# New to Thyroid Problems & Confused



## christine95616 (Sep 8, 2010)

Hi:

I have had a large thyroid for at least 12 years. I've been told that my thyroid tests are normal but over the past 6 years I have been having various aliments, from sore muscles, dizziness, tiredness and sleepiness--sometimes inability to sleep at night but always tired. Over the past year, towards the end of my IUD expiration I have had unusual menstrual cycles. Sometimes I get two a month or it can last as long as 20 day and as little as 12. Over the past week I find that I am vomiting often for no apparent reason. I usually happens in the morning (it's not morning sickness). I feel especially sensitive to light, so bad it makes me want to stay inside during the day. I get migraines, my joints feel especially brittle, I feel like I have carpal tunnel, plantar facitiis in the arch of my feet (and now I feel it on top of my foot, as if I walked on my foot wrong) and if that is not enough I also feel like I forget long-term memory things and my intelligence has been compensated.

In June I was encouraged by a friend to have my thyroid looked at more closely, which lead me to get an ultrasound. It was there that they found an enlarged nodule. The biopsy showed that I have abnormal cells, which could be cancerous. I had a second biopsy that showed the same results. I was told that I won't know until I get surgery to have the right side of my removed.

My question is if my lab results (including T3 and T4) are normal why am I having so many problems?

7/21/10	TSH (HIGH SENSITIVITY) 1.53
7/21/10	DIRECT FREE THYROXINE	.98
2/25/10	FREE T3 352


----------



## gardengrl (Sep 6, 2010)

My labs are only slightly off and I am having mega symptoms.. Muscle and joint pains. Tiredness all day.. Sleeplessness at night most times...Headaches often... I can go on and on.. I am going to have more blood work on the 16th. I don't think it takes much for some of us to experience these symptoms.. I think it's called sub clinical..


----------



## christine95616 (Sep 8, 2010)

Thank you! I am noticing that a lot of people are having similar symptoms. However, because I am technically in range my doctor doesn't seem to be very supportive about medication.

Any advice as to how I can doctors to take me more seriously?


----------



## Lovlkn (Dec 20, 2009)

christine95616 said:


> Thank you! I am noticing that a lot of people are having similar symptoms. However, because I am technically in range my doctor doesn't seem to be very supportive about medication.
> 
> Any advice as to how I can doctors to take me more seriously?
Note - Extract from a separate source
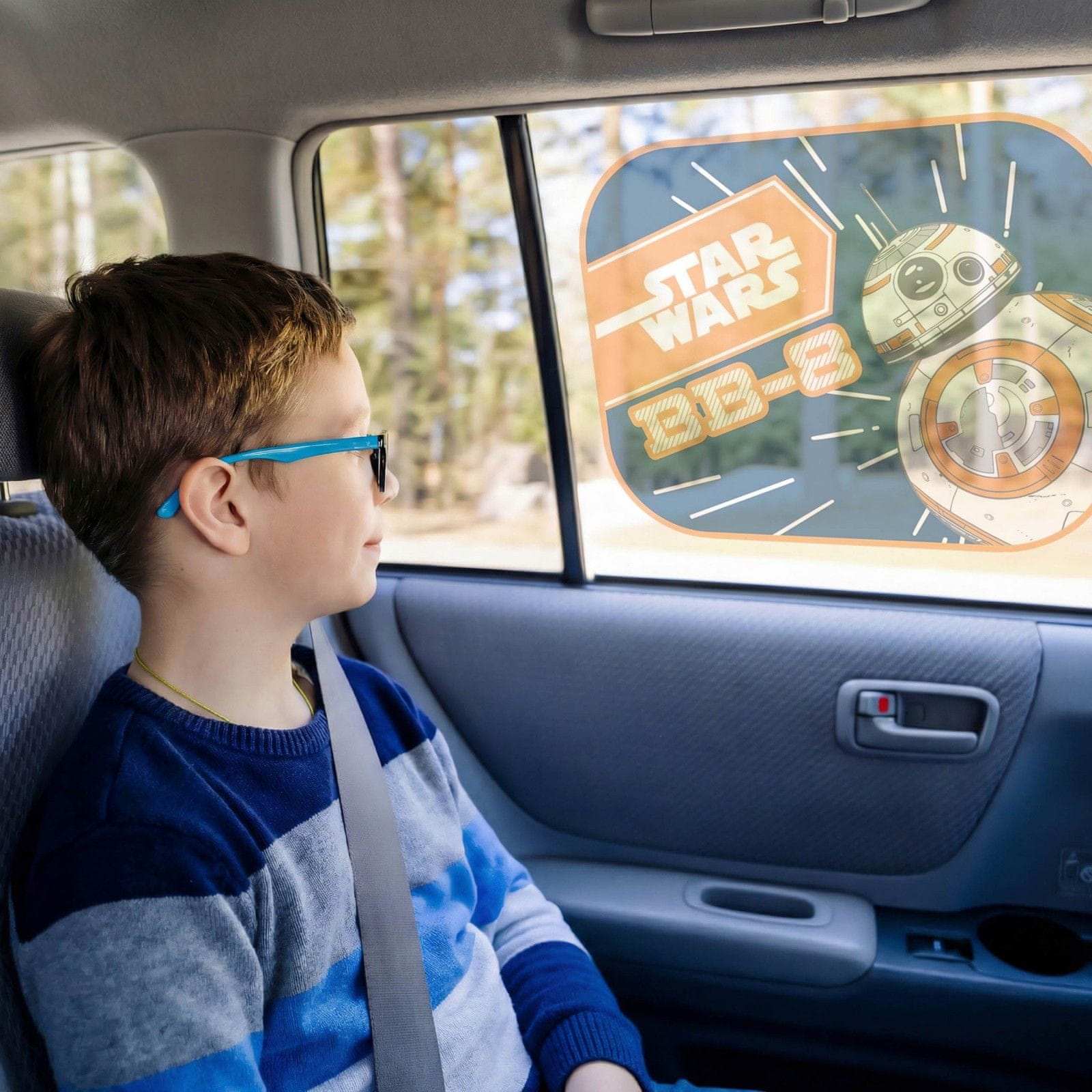Komplet avtomobilskih senčnikov z motivom BB-8 iz vesolja Vojne zvezd je praktičen in vizualno privlačen pripomoček za otroke.

Can you please post your ranges. Symptoms can appear before you are technically out of range and if you are in low or high range you can experience symptoms.
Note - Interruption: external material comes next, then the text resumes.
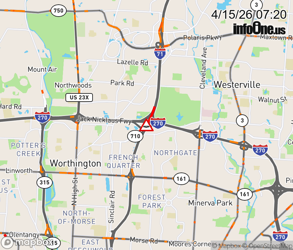 Ramp I-71 South to I-270 East CLOSED because of a crash.

People feel different depending where in range they are.

I am one that needs to be mid range to feel my best.


----------



## christine95616 (Sep 8, 2010)

Thank so much to everyone for your responses. Although I have had these problems for quite sometime, concern regarding my thyroid is new to me. I am scheduled to have my right lobe removed in less than 2 weeks (Sept 20th). However, I'm worried that my problems are going to continue. As I mentioned, my doctors are telling me nothing has been proven to be wrong with me except the fact that I have a goiter, a large nodule on my thyroid and some abnormal cells. They are telling me that my symptoms have nothing to do with my thyroid because it would show in my blood results. Here are my results:

7/21/10 TSH (HIGH SENSITIVITY): 1.53
7/21/10 DIRECT FREE THYROXINE: .98
2/25/10 FREE T3: 352

I feel like I'm going to go through this terrible and frightening experience and still not feel better. According to many people my symptoms are not abnormal when having thyroid problems.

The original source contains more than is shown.